As you rightly point out, the violated property is very similar to Independence of Irrelevant Alternatives (IIA), because it is IIA. Indeed, because it's an ordinal voting system, Arrow's impossibility theorem applies, and because the rule is clearly not dictatorial, and it satisfies the efficiency requirement, it must necessarily violate IIA.
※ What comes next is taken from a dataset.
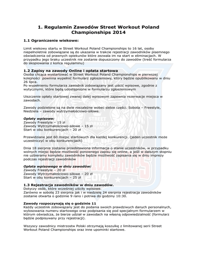 1. Regulamin Zawodów Street Workout Poland Championships 2014 1.1 Ograniczenie wiekowe: Limit wiekowy startu w Street Workout Poland Championships to 16 lat, osoby niepełnoletnie zobowiązane są do ukazania w trakcie rejestracji zawodników pisemnego oświadczenia od prawnych opiekunów które zezwala im na start w eliminacjach. W przypadku jego braku uczestnik nie zostanie dopuszczony do zawodów (treść formularza do skopiowania z końca regulaminu) 1.2 Zapisy na zawody Online i opłata startowa Osoba chcąca wystartować w Street Workout Poland Championships w pierwszej kolejności powinna wypełnić formularz zgłoszeniowy, który będzie opublikowany w dniu 26 lipca. Po wypełnieniu formularza zawodnik zobowiązany jest uiścić wpisowe, zgodnie z wytycznymi, które będą udostępnione w formularzu zgłoszeniowym Uiszczenie opłaty startowej zwanej dalej wpisowym zapewnia rezerwacje miejsca w zawodach. Zawody podzielone są na dwie niezależne wobec siebie części. Sobota – Freestyle, Niedziela – zawody wytrzymałościowo-siłowe. Opłaty wpisowe: Zawody Freestyle – 15 zł Zawody Wytrzymałościowo-siłowe – 15 zł Start w obu konkurencjach – 20 zł Przewidziane jest 60 miejsc startowych dla każdej konkurencji. (jeden uczestnik może uczestniczyć w obu konkurencjach) Dnia 18 sierpnia zostanie przedstawiona informacja o stanie uczestników, w przypadku wolnych miejsc będzie możliwość ponownego zapisu się online, a jeśli w dalszym stopniu nie uzbieramy kompletu zawodników będzie możliwość zapisania się w dniu imprezy podczas rejestracji zawodników Opłata wpisowego w dniu zawodów: Zawody Freestyle – 20 zł Zawody Wytrzymałościowo-siłowe – 20 zł Start w obu konkurencjach – 25 zł 1.3 Rejestracja zawodników w dniu zawodów. Dotyczy osób, które wcześniej uiściły wpisowe. Zarówno w sobotę 23 sierpnia jak i w niedzielę 24 sierpnia rejestracja zawodników zostanie otwarta o godzinie 9 rano i potrwa do godziny 10:30. Zawody rozpoczynają się o godzinie 11 Każdy uczestnik zobowiązany jest do podania swoich prawdziwych danych personalnych, wylosowania numeru startowego oraz podpisania się pod specjalnym formularzem w którym oświadcza, że bierze udział w zawodach na własną odpowiedzialność (formularz będzie podpisywany przy rejestracji). Wszyscy zawodnicy mistrzostw Polski otrzymają koszulkę z limitowanej serii Street Workout Poland Championships oraz inne upominki startowe. 2. REGULAMIN ZAWODÓW FREESTYLE – SOBOTA 23.08.2014 2.1 Zawody Freestyle zostaną przeprowadzone w trzech etapach ETAP 1: ELIMINACJE Uczestnik prezentuje wcześniej ułożony przez siebie układ/choreografię bazującą na swoich freestylowych umiejętnościach. Długość występu to 2 minuty. Dozwolone są figury dwójkowe (pod warunkiem, że zawodnik jest w trudniejszej pozycji). Czas jest liczony od momentu gdy zawodnik potwierdzi swoją gotowość i da znać obsłudze technicznej że może odliczać czas, oraz puszczać muzykę (warunek własnej muzyki – czyt. Punkt 2.2) jeśli ów czas dopłynie końca w trakcie wykonywania jakiegoś elementu uczestnikowi pozwala się na jego dokończenie. Każdy uczestnik jest punktowany indywidualnie. Po zobaczeniu wszystkich występów eliminacyjnych nastąpi krótka przerwa techniczna po której sędziowie wyczytają 8 numerów osób, które otrzymały najlepsze punktacje w eliminacjach i przechodzą do PÓŁFINAŁU. Oceny sędziów w etapie eliminacyjnym: Zawodnik oceniany jest przez trzech sędziów w czterech kategoriach: Siła, Dynamika, Kreatywność, Game plan w skali od 1 do 10. Suma oceny całkowitej zawodnika wyliczana jest na bazie średniej ważonej wyliczonej z ocen wystawionych na kartach sędziowskich. Każda kategoria w której zawodnik jest oceniany posiada inną wagę. Siła – wszystkie elementy statyczne i siłowe (waga o wartości 1) Dynamika – przeskoki, obroty (waga o wartości 0,7) Kreatywność – różnorodność występu, kombinacje kilku trików (waga o wartości 0,8) Game plan – Zagospodarowanie czasem występu, jego płynność (waga o wartości 0,6) Przykładowy sposób punktowania i wyliczania średniej ważonej na przykładzie jednej z trzech kart sędziowskich: Zawodnik A: Sędzia 1 punktacja: Siła – 8 (waga 1) Dynamika – 6 (waga 0,7) Kreatywność – 7 (waga 0,8) Game plan – 3 (waga 0,6) wzór: (8*1)+(6*0,7)+(7*0,8)+(3*0,6)/(1+0,7+0,8+0,6) = 6,32 Przykładowe oceny całkowite z trzech kart sędziowskich: Sędzia 1: 6,32 Sędzia 2: 7,11 Sędzia 3: 7,31 wzór: 6,32+7,11+7,31 / 3= 6,91 Ocena całkowita zawodnika 6,91 ETAP 2: PÓŁFINAŁY Ten etap przeprowadzany jest na takich samych zasadach jak etap eliminacyjny. Uczestnicy ponownie staną przed próbą prezentacji swoich umiejętności w 2-minutowym freestyle. Najważniejszą rzeczą w tym etapie jest to by zaprezentować się inaczej niż w eliminacjach, będzie to podstawowy aspekt oceny sędziowskiej tyle, że w tym etapie zmienia się system oceniania zawodników. Ocena półfinałów: Każdy sędzia ocenia zawodników indywidualnie określając na swojej karcie miejsca od 1 do 4. Punktacja na karcie sędziowskiej: 1 miejsce: 10 punktów 2 miejsce: 8 punktów 3 miejsce: 6 punktów 4 miejsce: 4 punktów Z ocen z kart sędziowskich wyciągana jest średnia. Do FINAŁU przechodzi 4 zawodników z najwyższą średnią. Przykład: Zawodnik A Sędzia 1 wskazał 1 miejsce Sędzia 2 wskazał 3 miejsce Sędzia 3 wskazał 4 miejsce Ocena: (10+6+4)/3 = 6,67 W przypadku remisu na wyższe miejsce wskakuje zawodnik z większą oceną z eliminacji! ETAP 3: WIELKI FINAŁ W finale wielkie znaczenie ma punktacja z półfinałów. Zawodnicy, którzy zajęli 4 i 3 miejsce w półfinale zawalczą o 3 miejsce. Zawodnicy z miejscami 2 i 1 z półfinałów zawalczą o tytuł Mistrza i Wicemistrza Polski Street Workout 2014 w kategorii Freestyle. Etap finałowy polega na freestylowym pojedynku 1vs1. Zawodnicy prezentują swoje umiejętn

Specifically, the rule used is a positional voting system where the different formats are the voters and the contestants are the candidates. If the placings were summed instead of multiplied, we'd have the Borda count method. Instead we multiply the points, but this is equivalent in an important way, and we can fit them into the same framework by using logarithms as follows:

$$ \prod_{i=1}^{n} r_{i} = \exp(\sum_{i=1}^{n} \log(r_{i})) $$

Exponentiation is monotonic, so we can ignore it as we only care about the order of the candidates, which gives the final scoring method as:

$$\sum_{i=1}^{n} \log(r_{i})$$

Therefore the ranking system is a slightly disguised positional voting system where the coefficients are the logarithms of the ranks attained. It therefore also violates other properties you might want a system to have, as all voting rules do. Wikipedia has a list of some of some of the properties satisfied and violated by positional voting rules, in case you're further interested.